New, non-alphanumeric names are on the way for the next generation for McLaren supercars.
It’s been a tough year or so for British supercar manufacturer McLaren. The financial impact of the pandemic resulted in the company selling its headquarters in Woking, England, earlier this year for almost $240 million. But one way to move forward is to release new, exciting products. It seems that’s exactly what’s underway at McLaren because CarBuzz has uncovered no less than three trademark applications from the company via the UK's Intellectual Property Office.
Presumably, these are names of all-new models, not merely a special edition of an existing model, so McLaren seems to be on a mission to rapidly expand its portfolio.
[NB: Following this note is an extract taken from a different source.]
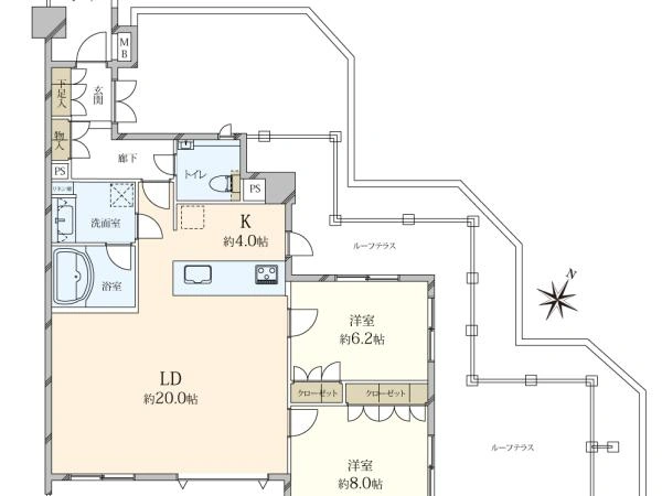 ルーフテラス付き角住戸

The three trademark names are Solus, Aeron, and Aonic. None of these names ring any particular bells or seem to hark back to any previous McLaren model so are likely clean-sheet designs.
All the names were filed under class 12 for motor land vehicles or cars, parts, and accessories. As for where these new models will fit in, we can only guess. In February this year, Roger Ormisher from McLaren told CarBuzz that further decisions on the naming of new models had yet to be made. Among the brand's supercars, the new Artura hybrid marked a departure from McLaren's alpha-numeric names when it was revealed.
The Sports Series was discontinued earlier in 2021 as well, so the Solus, Aeron, and Aonic won't fit into that category either. With McLaren unlikely to go the SUV route, our guess is that these new models will represent the next step in the company's electrification journey.
Currently, the Artura sits below models like the Senna and Speedtail that are part of the Ultimate Series. The Artura is also cheaper and less powerful than gas-only models like the 720S. It seems like the perfect time for McLaren to introduce a more extreme, hardcore hybrid, or perhaps even a fully electric supercar.
As for the new trademark names themselves, these could also hint at a few possibilities. 'Solus' means 'unaccompanied' or 'alone', so could McLaren potentially be readying a competitor to the single-seat Ferrari Monza SP1? The name 'Aeron' refers to a couple of things, one being a masculine God of battle or slaughter. If that description has anything at all to do with the car, we should be in for something special.